Recommended replacements for Google Reader?
March 13, 2013 4:35 PM   Subscribe

Google Reader is being retired in a few months. What web services (or conceivably software) would you recommend as a replacement?
posted by shenderson to Computers & Internet (48 answers total) 214 users marked this as a favorite
 
NewsBlur is a good option to check out. I note their site appears to be down, probably due to this news. If they go under, you can run it yourself.
posted by feloniousmonk at 4:39 PM on March 13, 2013 [13 favorites]


Per Newsblur's Twitter account, you can try out Newsblur a bit at their dev site. It's not currently down... as of this writing.
posted by RyanAdams at 4:43 PM on March 13, 2013


I also use newsblur.
posted by dpx.mfx at 4:49 PM on March 13, 2013


I'm so surprised by this news. What google have gained in terms of not supporting Reader they must have lost 100fold in nerd cred.

Newsblur it is then.
Looks like the Dev site is down as well though.
posted by Just this guy, y'know at 4:52 PM on March 13, 2013 [4 favorites]

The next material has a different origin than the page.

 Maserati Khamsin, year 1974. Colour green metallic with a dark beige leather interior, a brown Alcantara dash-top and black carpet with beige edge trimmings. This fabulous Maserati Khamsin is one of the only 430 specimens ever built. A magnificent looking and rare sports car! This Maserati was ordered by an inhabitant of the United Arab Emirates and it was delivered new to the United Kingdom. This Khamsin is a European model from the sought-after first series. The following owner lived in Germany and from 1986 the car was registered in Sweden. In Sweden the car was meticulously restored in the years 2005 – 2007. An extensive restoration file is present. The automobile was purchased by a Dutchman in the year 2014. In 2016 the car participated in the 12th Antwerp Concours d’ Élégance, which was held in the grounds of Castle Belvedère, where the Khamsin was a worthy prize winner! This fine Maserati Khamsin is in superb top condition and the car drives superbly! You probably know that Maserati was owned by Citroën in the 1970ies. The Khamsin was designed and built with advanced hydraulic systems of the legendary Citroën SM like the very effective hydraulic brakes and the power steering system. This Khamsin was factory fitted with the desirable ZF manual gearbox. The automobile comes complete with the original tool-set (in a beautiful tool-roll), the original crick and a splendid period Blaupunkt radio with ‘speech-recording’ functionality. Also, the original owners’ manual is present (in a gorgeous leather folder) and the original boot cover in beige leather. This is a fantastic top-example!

I'm hearing about NewsBlur (mentioned above), and The Old Reader.
posted by Prince_of_Cups at 4:56 PM on March 13, 2013 [1 favorite]

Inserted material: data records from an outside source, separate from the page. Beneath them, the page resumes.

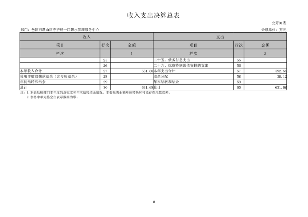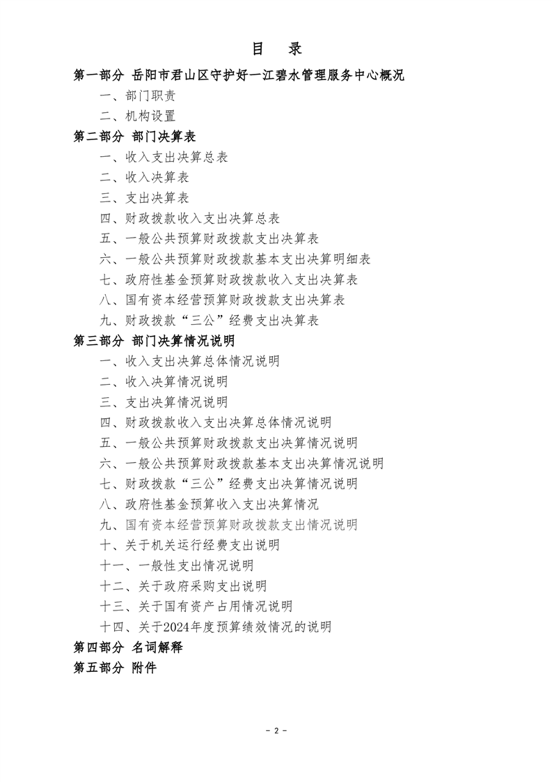 2024年度岳阳市君山区守护好一江碧水管理服务中心部门决算公开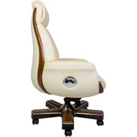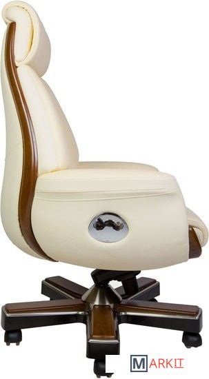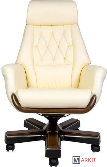 Классическое кресло с простежкой спинки типа «каретная стяжка», выполнено из натуральной кожи высшего качества. Кресло оснащено синхро-механизмом, с фиксацией наклона в любом положении. Вставки из натурального дерева гармонично интегрированы в корпус кресла.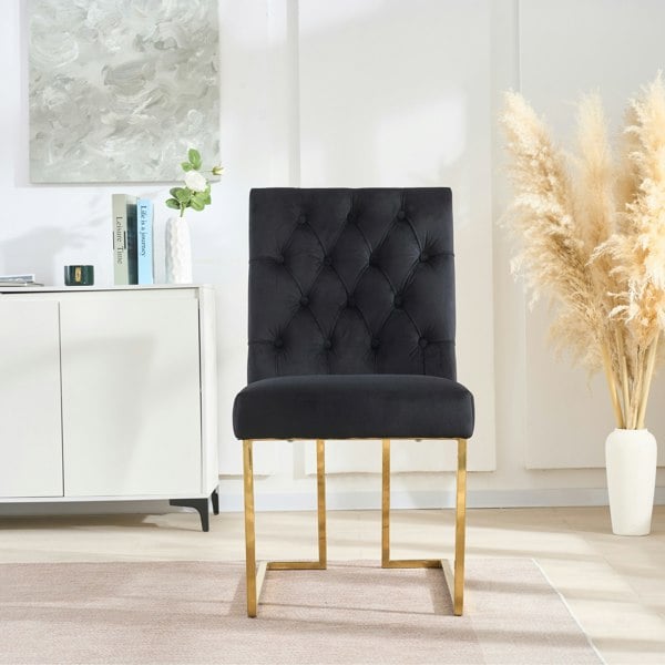 Upgrade your space with this stylish and comfortable tufted velvet dining chair. Wrapped in soft velvet fabric and filled with plush foam cushioning, it offers a luxurious seating experience for any room. The deep button-tufted backrest enhances its elegant look while maintaining a timeless appeal that suits both modern and classic interiors.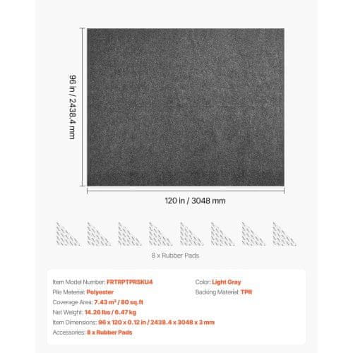 VEVOR Podloga za preprogo 244x305 cm svetlo siva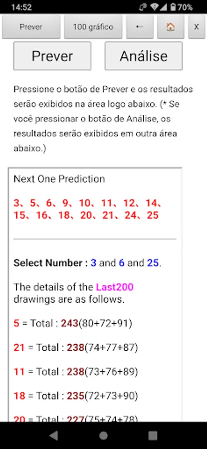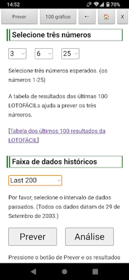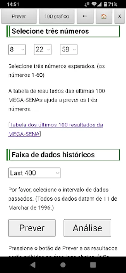 This software is not a perfect prediction software because you have to predict the two or three numbers yourself using "Brasil MEGA-SENA, QUINA, TIMEMANIA, DIA DE LUCKY, DUPLA SENA, LOTOMANIA, LOTOFÁCIL, +Millionária and Super Sete past winning numbers 100 chart".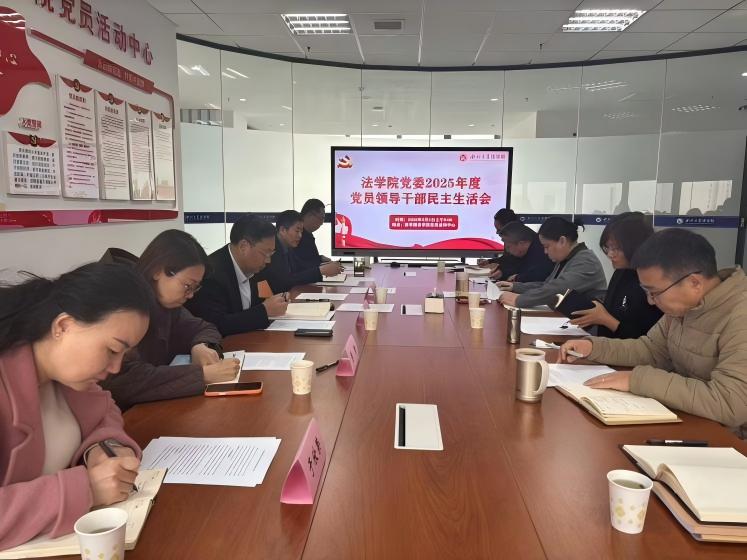 3月5日上午9时,法学院2025年度党员领导干部民主生活会在院党员活动中心召开。第四督导组组长、西北大学学工部(处)长杜勇,第四督导组成员曹智、于欣荣同志,以及学院全体处级以上领导班子参加了会议,新任副院长王社坤同志列席会议。会议由院党委书记李一凡主持。

I can't vouch for either, but on twitter I've seen feedly and The Old Reader recommended (the latter by mathowie.)
posted by drjimmy11 at 4:57 PM on March 13, 2013 [3 favorites]


Upon further viewing, feedly kind of sucks.
posted by drjimmy11 at 5:02 PM on March 13, 2013 [3 favorites]


There's also Fever, if you can host it yourself. It's not an exact replacement but it might be worth looking at.
posted by bcwinters at 5:05 PM on March 13, 2013


Lifehacker are on the case
posted by 0bvious at 5:12 PM on March 13, 2013 [5 favorites]


I read about the death of Google Reader in Google Reader. This is the first Google product-killing that makes absolutely no sense to me :(

I will have to give newsblur a look too, when their site is working.
posted by jozxyqk at 5:26 PM on March 13, 2013


Just a heads up, newsblur charges a very small amount for more than 64 feeds.
posted by Just this guy, y'know at 5:32 PM on March 13, 2013 [2 favorites]


Netvibes seems to be under heavy load, but it's working at the moment.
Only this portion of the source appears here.